-------- Records for this exercise --------

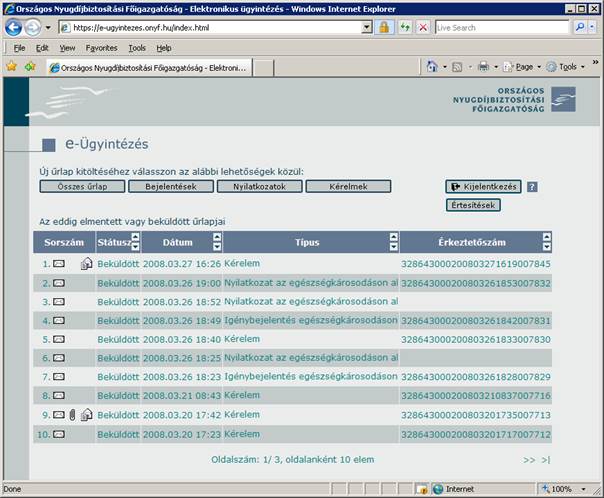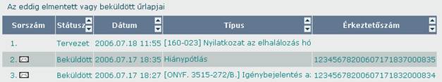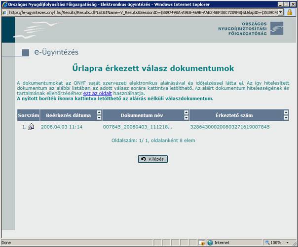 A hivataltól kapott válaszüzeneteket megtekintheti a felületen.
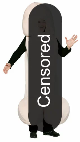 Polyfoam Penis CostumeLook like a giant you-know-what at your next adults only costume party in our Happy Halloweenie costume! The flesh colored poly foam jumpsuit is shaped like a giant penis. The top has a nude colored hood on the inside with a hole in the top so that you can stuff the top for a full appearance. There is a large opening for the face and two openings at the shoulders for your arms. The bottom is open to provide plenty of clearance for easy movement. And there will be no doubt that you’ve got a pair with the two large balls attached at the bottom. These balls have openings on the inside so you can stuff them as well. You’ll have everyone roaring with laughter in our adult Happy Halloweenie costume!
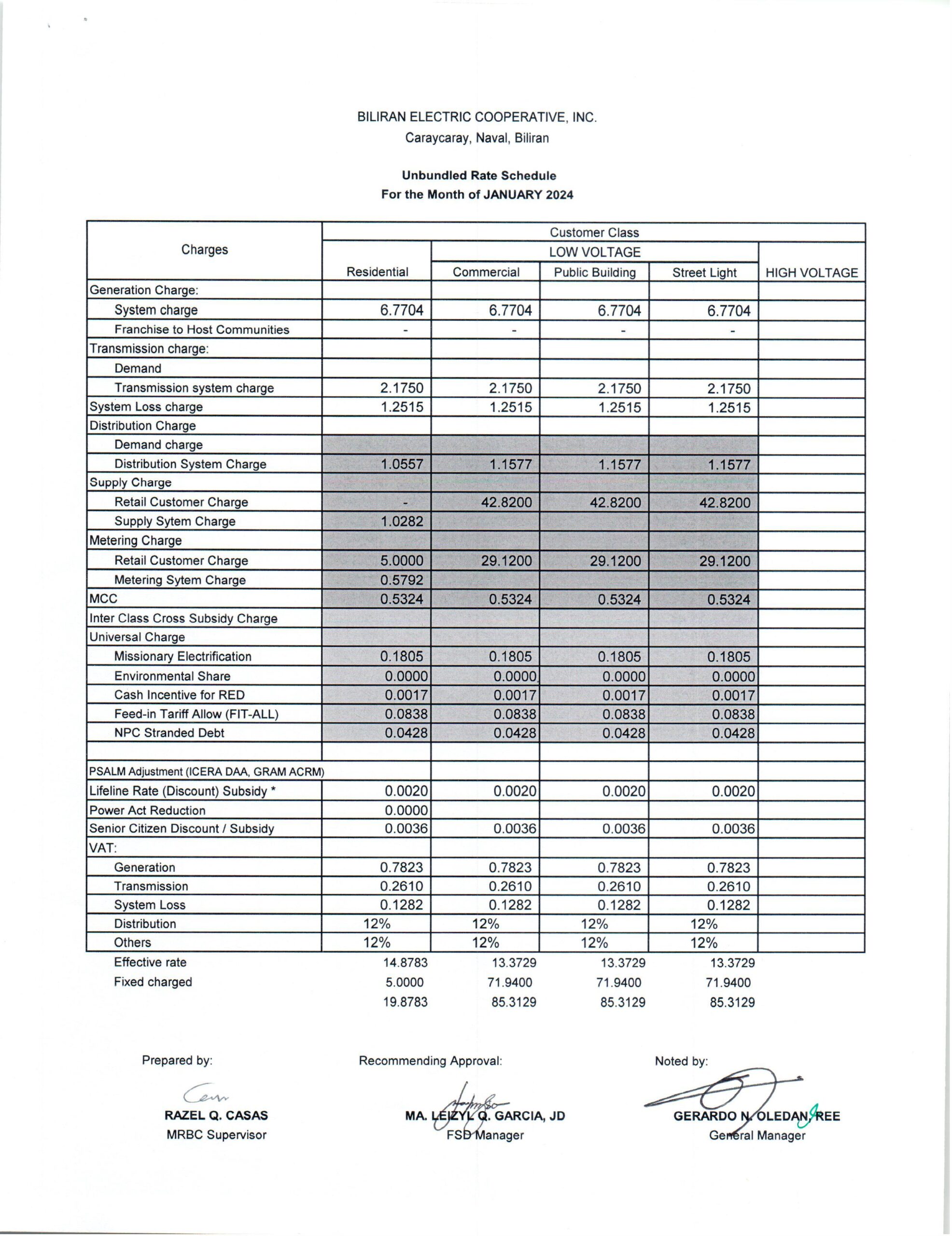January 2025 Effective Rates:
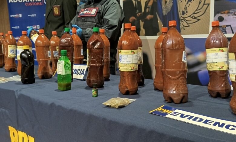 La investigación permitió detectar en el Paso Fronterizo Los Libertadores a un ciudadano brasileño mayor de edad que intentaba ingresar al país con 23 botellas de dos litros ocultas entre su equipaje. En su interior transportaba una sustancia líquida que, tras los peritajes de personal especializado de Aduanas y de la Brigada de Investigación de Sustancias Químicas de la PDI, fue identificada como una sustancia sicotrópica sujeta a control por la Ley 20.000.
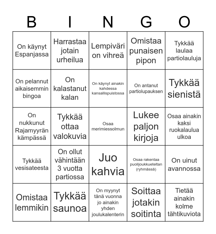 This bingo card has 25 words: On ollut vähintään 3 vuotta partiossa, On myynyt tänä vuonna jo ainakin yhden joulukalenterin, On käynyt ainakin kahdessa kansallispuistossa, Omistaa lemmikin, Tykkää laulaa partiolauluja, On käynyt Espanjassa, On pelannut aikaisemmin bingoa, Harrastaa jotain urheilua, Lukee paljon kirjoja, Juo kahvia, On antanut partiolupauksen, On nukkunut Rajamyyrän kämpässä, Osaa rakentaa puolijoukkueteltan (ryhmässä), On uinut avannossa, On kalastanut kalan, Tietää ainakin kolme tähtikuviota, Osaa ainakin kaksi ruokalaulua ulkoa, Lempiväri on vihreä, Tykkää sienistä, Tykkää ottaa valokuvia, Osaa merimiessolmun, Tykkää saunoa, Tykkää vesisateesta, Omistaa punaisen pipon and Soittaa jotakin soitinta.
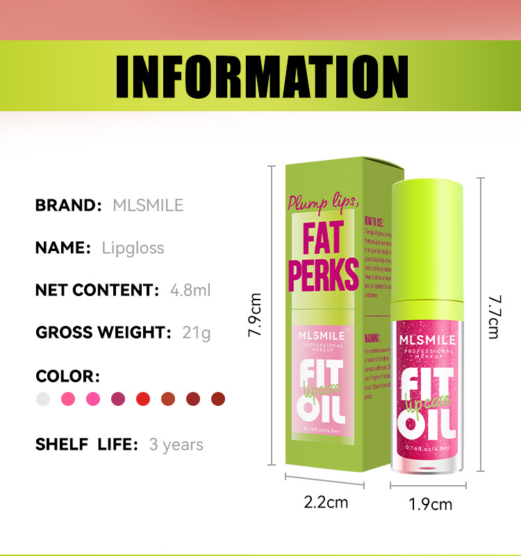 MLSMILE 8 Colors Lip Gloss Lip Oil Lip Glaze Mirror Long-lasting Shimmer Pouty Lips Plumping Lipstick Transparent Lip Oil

--------

▶ _What to produce_:
The data should be printed again unchanged; leave its pictures out.

▶ _Reply to the exercise_:
 A hivataltól kapott válaszüzeneteket megtekintheti a felületen.
 Polyfoam Penis CostumeLook like a giant you-know-what at your next adults only costume party in our Happy Halloweenie costume! The flesh colored poly foam jumpsuit is shaped like a giant penis. The top has a nude colored hood on the inside with a hole in the top so that you can stuff the top for a full appearance. There is a large opening for the face and two openings at the shoulders for your arms. The bottom is open to provide plenty of clearance for easy movement. And there will be no doubt that you’ve got a pair with the two large balls attached at the bottom. These balls have openings on the inside so you can stuff them as well. You’ll have everyone roaring with laughter in our adult Happy Halloweenie costume!
January 2025 Effective Rates:
 La investigación permitió detectar en el Paso Fronterizo Los Libertadores a un ciudadano brasileño mayor de edad que intentaba ingresar al país con 23 botellas de dos litros ocultas entre su equipaje. En su interior transportaba una sustancia líquida que, tras los peritajes de personal especializado de Aduanas y de la Brigada de Investigación de Sustancias Químicas de la PDI, fue identificada como una sustancia sicotrópica sujeta a control por la Ley 20.000.
 This bingo card has 25 words: On ollut vähintään 3 vuotta partiossa, On myynyt tänä vuonna jo ainakin yhden joulukalenterin, On käynyt ainakin kahdessa kansallispuistossa, Omistaa lemmikin, Tykkää laulaa partiolauluja, On käynyt Espanjassa, On pelannut aikaisemmin bingoa, Harrastaa jotain urheilua, Lukee paljon kirjoja, Juo kahvia, On antanut partiolupauksen, On nukkunut Rajamyyrän kämpässä, Osaa rakentaa puolijoukkueteltan (ryhmässä), On uinut avannossa, On kalastanut kalan, Tietää ainakin kolme tähtikuviota, Osaa ainakin kaksi ruokalaulua ulkoa, Lempiväri on vihreä, Tykkää sienistä, Tykkää ottaa valokuvia, Osaa merimiessolmun, Tykkää saunoa, Tykkää vesisateesta, Omistaa punaisen pipon and Soittaa jotakin soitinta.
 MLSMILE 8 Colors Lip Gloss Lip Oil Lip Glaze Mirror Long-lasting Shimmer Pouty Lips Plumping Lipstick Transparent Lip Oil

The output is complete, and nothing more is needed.